I imagine their fast ascent as the world’s number one telcoms equipment supplier is due to this devotion to R and D. According to official data released by the World Intellectual Property Organization (WIPO), Huawei filed 5,405 patent applications in 2018, ranking first among all companies globally.
Of course, they deny allowing Chinese military intelligence access to the technology they sell to the world. Be that as it may, the rest of the world has the right to be paranoid simply because their technology is cutting edge and many years ahead of Western competitors like Ericsson and Nokia.
As their rotating chairman puts it in their latest annual report, “We are confident that the companies that choose to work with Huawei will be the most competitive in the 5G era. And countries that choose to work with Huawei will gain an advantage for the next wave of growth in the digital economy.”

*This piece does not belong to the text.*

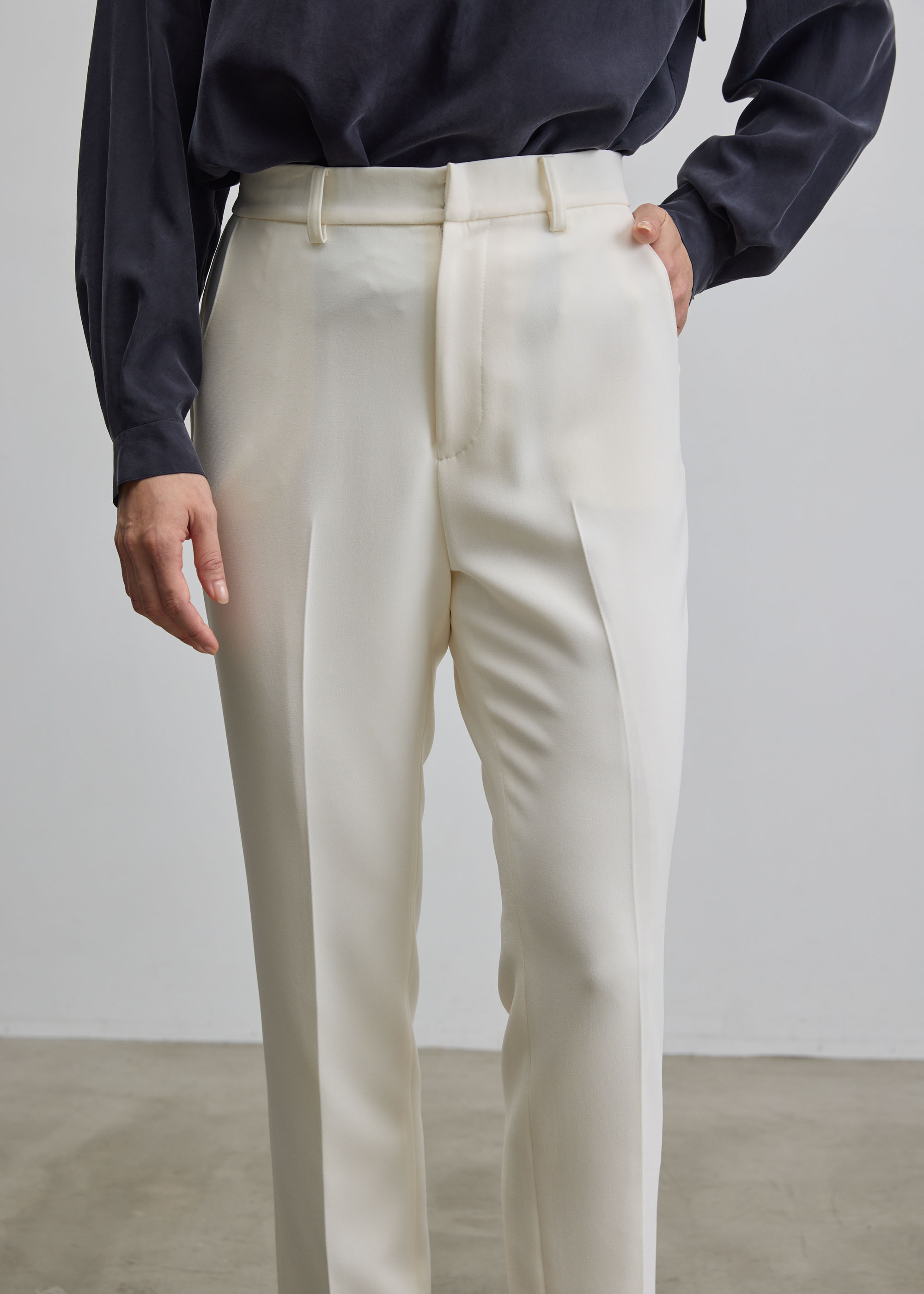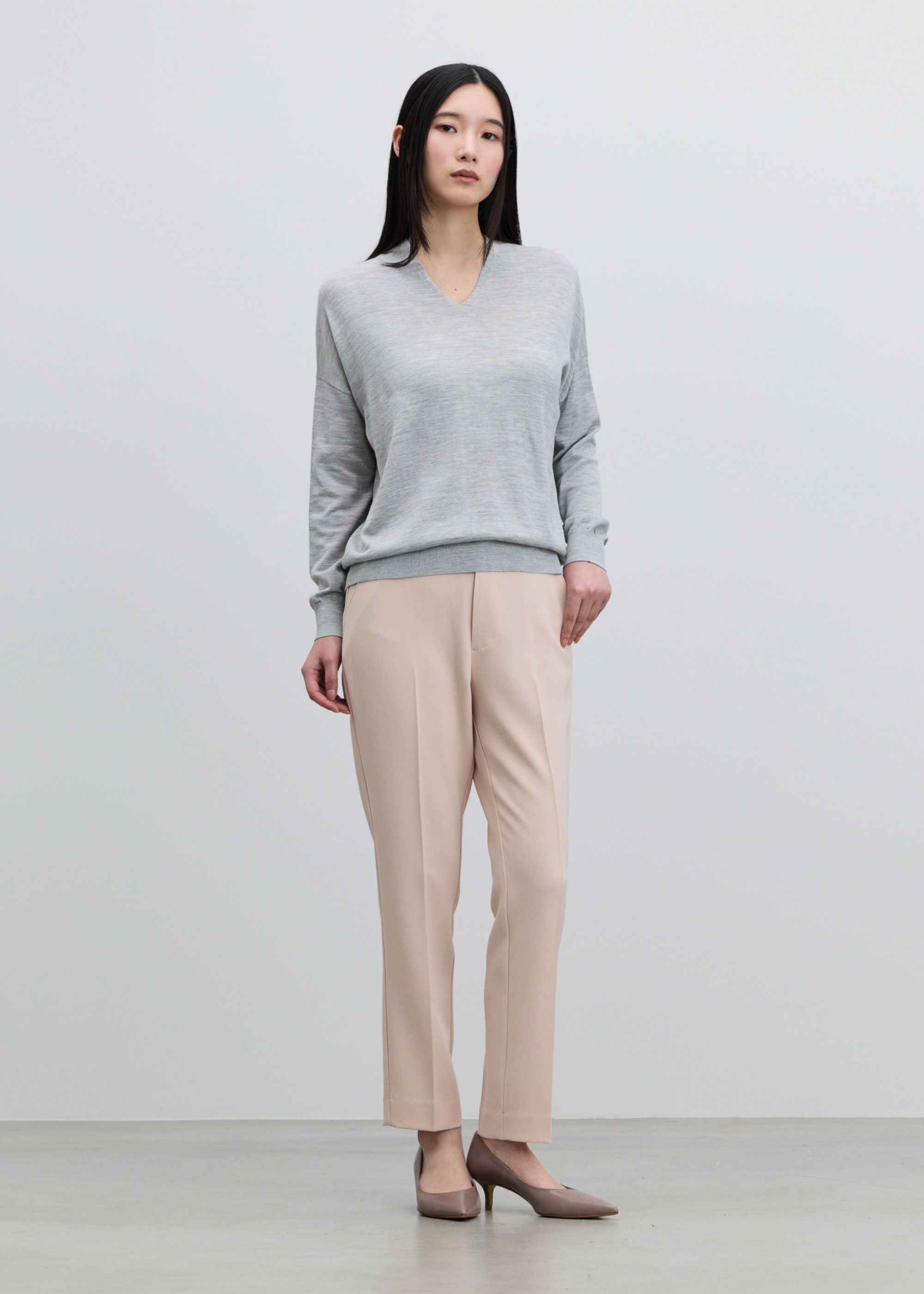 同生地のコクーンブラウスと合わせてジャケットレスなきちんとスタイルを、ノーカラージャケットと合わせてスーツとしても着用いただけます。カジュアルダウンした着こなしもおすすめで、オンオフ問わず着回しできる万能な一本です。

That is also what our own telcos, Globe and Smart have been saying. They bought Huawei equipment in their modernization and expansion program not only because of their competitive pricing, but also because of Huawei’s advanced technology.
It is too bad no US company, not Cisco, Qualcom or Motorola, developed to be a viable competitor to Huawei. At best, they supply components which the Trump administration is now using as leverage in the trade war.
But, as the Huawei executives pointed out to me as we toured one of their factories, they have developed their own. They are buying from the world mostly to maintain relationships built through the years.
Huawei read future trends right. They have made heavy, consistent investment in 5G innovation, alongside large-scale commercial deployment. Huawei is committed to build the world’s best network connections.
Indeed, they are market leaders everywhere. In its carrier business, Huawei launched its latest 5G and SoftCOM AI solutions, focusing on making them as simple as possible to use and maintain.
They have also ongoing innovations in domains like premium home broadband and the Internet of Things (IoT), helping carriers seize new growth opportunities.
In its consumer business, Huawei further increased its share of the global smartphone market, now second to Samsung. It has also enhanced the positioning of its high-end devices.
Their P20 and P30 models use Leica lenses that take really good pictures compared to iPhone. They are quick to point out the software they designed, not just the lenses, make the color and crispness of the photos as great as they are.
My visit into the dragon’s lair was both inspiring and scary.
The dragon’s lair is a booming well-planned city with wide avenues that looks first world. It is also an inspiring research and technology campus where scientists are working on the next big things in tech.
If only the Chinese didn’t have that crazy nine-dash-line, it would have been simpler for us.